Now we come to the brake pedal.
When you apply the brakes, some of your kinetic energy is converted into heat, and is lost to the atmosphere. Heavy cars need to have big brakes, because these have both more friction to slow the car, and lose heat more quickly so they don't get too hot. It is possible to overheat most types of brakes if you use them a lot in a short space of time, such as slowing from high speed on a steep downhill, or driving around a track. This will cause their friction to decrease and they won't be able to slow the car as efficiently, leading, sometimes, to a crash. That aside, the important point here is that two people, one a redneck thrashing his car, and one a gentle old granny accelerating to 60 km/h in 30 seconds, have identical kinetic energy, all things being equal. So if they both push the brake pedal to come to a stop, both are wasting all the energy they used to get up to speed. All of that energy came out of the fuel in one way or another, so effectively they have both wasted all of that fuel.

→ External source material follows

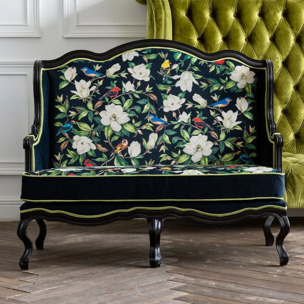 Двухместный диван «Цветущая аристократка» – фаворит в одноименной коллекции. Цветы магнолии и яркие птицы на его сидении и спинке делают этот интерьерный экспонат поистине уникальным. А черный цвет каркаса дивана наполнит ваш дом задумчивой роскошью. Одни выбирают предметы мебели для шумных дружественных веселий, другие, напротив, ищут романтического уединения в интерьере – и для того, и для другого диван из коллекции «Цветущая аристократка» подходит идеально. Вставать с этого дивана вам, однозначно, не захочется! «Объект мечты» это гарантирует! Не зря драгоценности всегда стараются дарить в коробочках, обрамлённых чёрным бархатом. Этот цвет поистине является идеальным фоном для того, чтобы привлечь внимание к важным деталям. Именно этот принцип и использовали дизайнеры «Объекта мечты», создавая этот роскошный интерьерный экземпляр. Черный цвет каркаса дивана «Цветущая аристократка», контрастируя с яркой обивкой сиденья и спинки, поистине уникален. Черный диван, как и знаменитое «маленькое черное платье», неимоверным образом будет притягивать к себе взоры ваших гостей. А уж если вы хотите добавить немного ярких красок, тогда набросайте на него пестрых подушек из этой же коллекции! Благодаря своей универсальности двухместный диван «Цветущая аристократка» можно использовать повсеместно. Его можно установить в гостиной, на веранде, в беседке. Этот диван найдет свое место и в офисных помещениях. Диван «Цветочная аристократка», снабженный высокой спинкой, глубоким сиденьем, плавными подлокотниками и изысканной обивкой, способствует удобной позе, расслабленному отдыху и комфорту в целом. Цвет обивки обещает гармонию с любым интерьерным окружением. Кроме эффектно цветущей магнолии на обивке дивана, этот предмет запомнится нашим интерьерам ярким оперением чудесной птицы, присевшей на ветку эффектного цветка. Черный цвет каркаса поистине уникален, он великолепно гармонирует абсолютно с любым фоном. Богемная внешность обивки не исключает практичность: ткань долговечна и неприхотлива, для ухода пригодны любые чистящие средства для мебели. Ткань прочная, не лоснится, долго сохраняя мягкость и бархатистость. Корпус изготовлен из натурального бука. Среди европейских пород дерева бук считается самым прочным и долговечным материалом. Плотность буковой древесины составляет 720 кг/м³. Эти деревья растут длинными стволами без сучьев. Это обеспечивает широкую, плотную и однородную структуру ядровой древесины, максимально благоприятной для производства мебели и резьбы по дереву. Резьба играет здесь ведущую роль: диван украшен изящными желобками, формирующими классический силуэт эпохи Луи-Филиппа. Мебель от «Объекта мечты» – романтичный образ, совершенство красок природы, с цветущим аристократизмом и утонченным образом!

Having realised this, what can be done? How can we waste less energy, or even better, recover some of it? The first part, wasting less energy, is possible in any type of car, and it has little to do with how hard you pushed the accelerator 4km ago. The main thing is to take some of the energy that might have been going into the brakes and place it somewhere where it can do something useful, sich as keeping you going along a little way. Most obviously, this means coasting. In gear or out, coasting will be converting some of the kinetic energy into that which is overcoming the drag of the car. You still lose the energy irrevocably, but it is at least keeping you going rather than being converted straight to useless heat. If you are in gear, you also have engine braking going on. This means that the energy the engine would normally need to turn over at the given revs is coming not from fuel but from the kinetic energy of the car or, on a downhill, from the gravitational potential energy as well or instead.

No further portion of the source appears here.